Wenn Wahlen etwas ändern würden, wären sie verboten, lautet ein Satz, von dem nicht sicher ist, ob er von Mark Twain, Kurt Tucholsky oder der Anarchistin Emma Goldman stammt. Das stimmt und stimmt auch wieder nicht: Eine Wahl kann den Nazi Björn Höcke zum Reichskanzler machen, und marxistische Faschismusanalyse in allen Ehren, aber die Bourgeoisherrschaft, der Leute wie Olaf Scholz präsidieren, ist dann doch unbedingt vorzuziehen. Trotzdem – und noch einmal – bedeutet zu wählen, die Wahl und ihre Voraussetzungen zu akzeptieren: Wer wählt, stimmt vorderhand zu, auch wenn er dagegen stimmt – deswegen werden Wahlen boykottiert. So gesehen ist noch der widerlichste AfD-Wähler Demokrat, jedenfalls solange, wie er seiner Partei nicht zum Endsieg verhilft. Danach ist Wählen sinnlos, und wer fände, Faschismus sei karikierter Kapitalismus, hätte hier ein Indiz.

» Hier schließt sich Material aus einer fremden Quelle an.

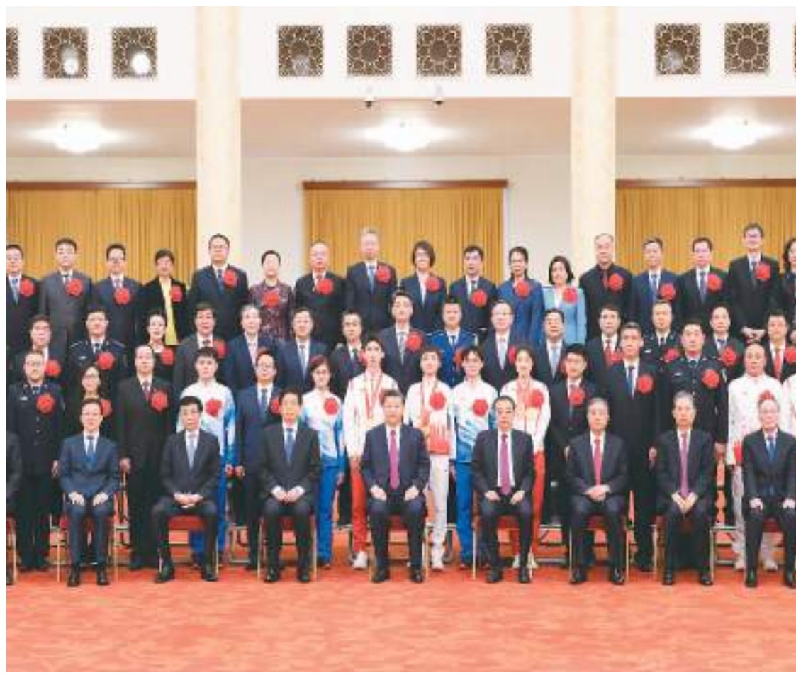
4月8日,北京冬奥会、冬残奥会总结表彰大会在北京人民大会堂隆重举行。会前,习近平等会见北京冬奥会、冬残奥会突出贡献集体代表、突出贡献个人和中国体育代表团成员,并同大家合影留念。

新华社北京4月8日电 北京冬奥会、冬残奥会总结表彰大会8日上午在人民大会堂隆重举行。中共中央总书记、国家主席、中央军委主席习近平出席大会并发表重要讲话。(讲话全文见第二版)习近平强调,伟大的事业孕育伟大的精神,伟大的精神推进伟大的事业。北京冬奥会、冬残奥会广大参与者珍惜伟大时代赋予的机遇,在冬奥申办、筹办、举办的过程中,共同创造了北京冬奥精神。北京冬奥精神就是胸怀大局、自信开放、迎难而上、追求卓越、共创未来。我们要大力弘扬北京冬奥精神,以更加坚定的自信、更加坚决的勇气,向着实现第二个百年奋斗目标奋勇前进,向着实现中华民族伟大复兴的中国梦奋勇前进。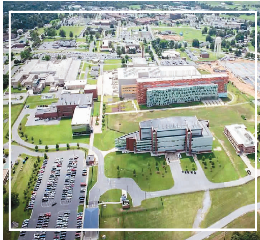
位于美国马里兰州的德特里克堡生物实验室。

密?美国政府为何对德堡种种漏洞遮遮掩掩,讳莫如深?美国民众对德堡的质疑何时能获得官方回应?国际社会对美国生化武器研究的批评何时能得到美国正视?新冠病毒溯源,不查德堡,难以服众!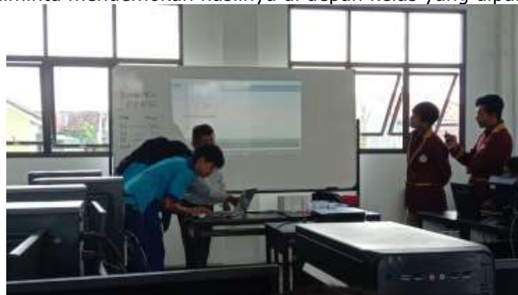
Gambar 6. Siswa Melakukan Demonstrasi terhadap Perangkat yang telah dibuat

Setelah pelaksanaan perakitan, kegiatan selanjutnya adalah dengan melakukan koding untuk di upload ke Mikrokontroler NodeMCU 8266. Setelah proses pembuatan koding, selanjutnya siswa diminta mendemokan hasilnya di depan kelas yang dipandu oleh pemateri.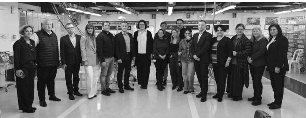
Lietuvos delegacija Izraelyje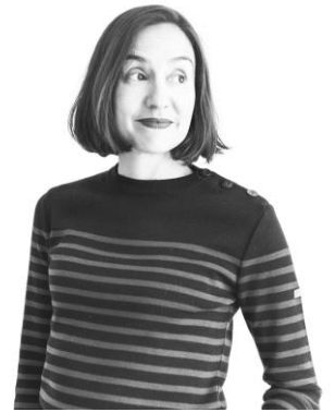
María Platero Fotógrafa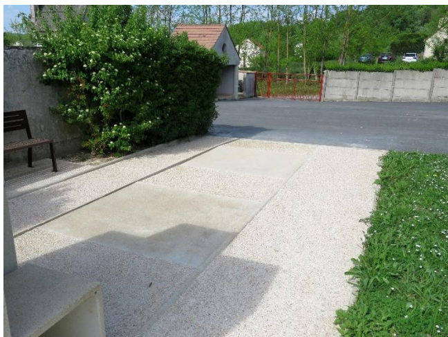
- Cimetière - 10 Mai 2022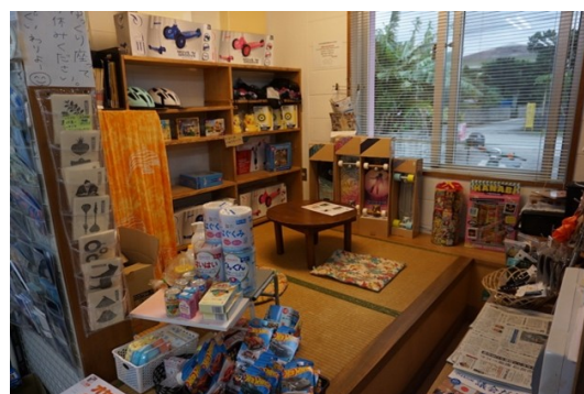
ゆんたく座敷

1日のあいだの来客傾向はどうだろうか。平日の朝は通勤途中の男性らが慌ただしく朝食を買っていき、日中は比川のお年寄りらが食品や雑貨を買いがてら店員とおしゃべりする姿がみられ、1日に何度も来店する人もいる。また時折、地域の個人や業者が惣菜や地場産品などの納入にやってきましたり、観光客が大勢やってきて土産物や飲物を買っていくこともある。夕方には帰宅前の女性らが食品を購入していく。休日には家族連れが賑やかに菓子や玩具をみにくる。来客が多いのは通勤時間帯の朝夕だが、それ以外の時間帯も誰かしら客が店内にいる時間はかなり多い。

Wir haben also nicht die Wahl, selbst wenn wir die Wahl haben? So einfach ist es nicht. Hätte in der Türkei die Opposition gewonnen, wären viele politische Gefangene jetzt frei, und niemand wird gezwungen, eine Regierung zu wählen, die nicht will, dass deutsche Kinder mit türkischen aufwachsen. Es ist nicht so, dass sich nicht von Fall zu Fall das Richtige wählen ließe, nämlich dann, wenn die Alternative das Falsche (etwa eine »für Deutschland«) ist; doch wieder gilt:
 

Die Wahl zu haben heißt, dass auch das Falsche zur Wahl steht.

 

Demokratie ist, wenn Nazis antreten, und sie dürfen schon darum nicht gewinnen, damit sie wieder antreten können. Dass einmal niemand mehr antritt, weil alles für alle super ist, ist natürlich auch eine Möglichkeit.